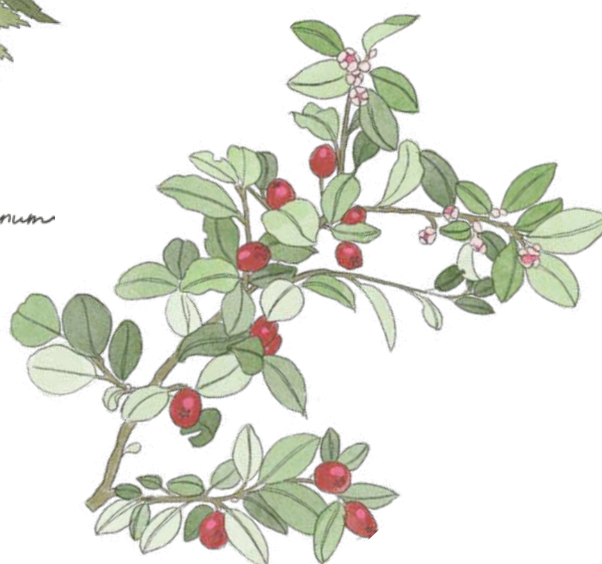
Spärroxbär Coloneaster divaricatus
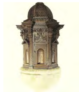
5. Portale lapideo San Francesco
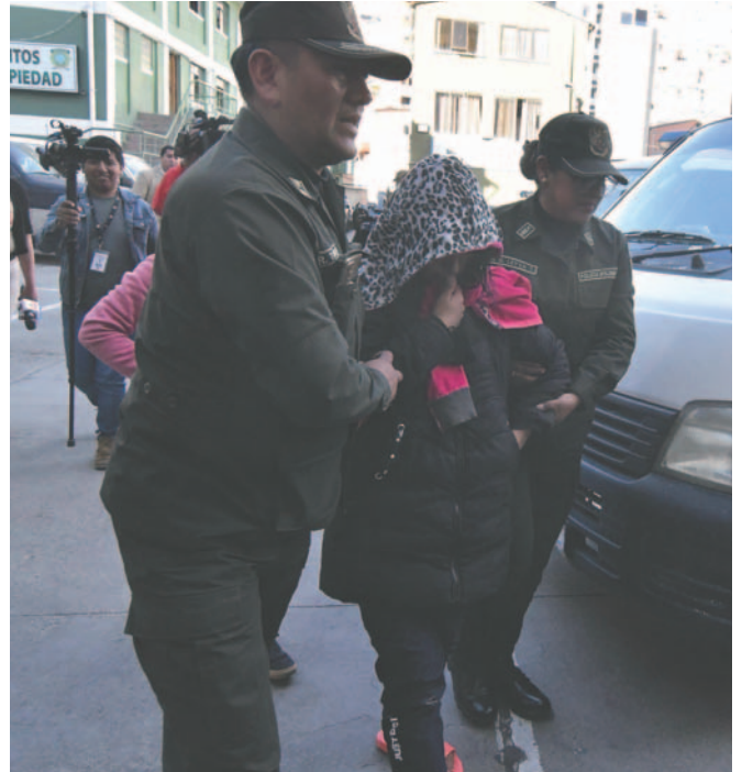
La mujer es escoltada por la Policía tras su aprehensión

Se aguardan los informes forenses, sostuvo el jefe de la División Homicidios de la Fuerza Especial de Lucha Contra el Crimen (Felcc), mayor René Tambo. La madre se encuentra aprehendida por el supuesto doble infanticidio y el caso está en investigación para establecer las causas que motivaron a la mujer a cometer los crímenes.
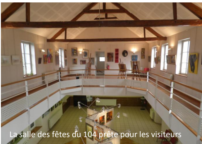
La salle des fêtes du 104 prête pour les visiteurs
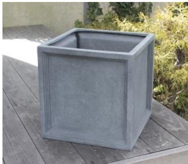
【使用器材】 グリーンポット LL プリティッシュUP キューブ

=-=-=-=-=

Goal of the exercise: What is needed is the number of lines in the data that contain "mujer", given with nothing else.

Task response: 2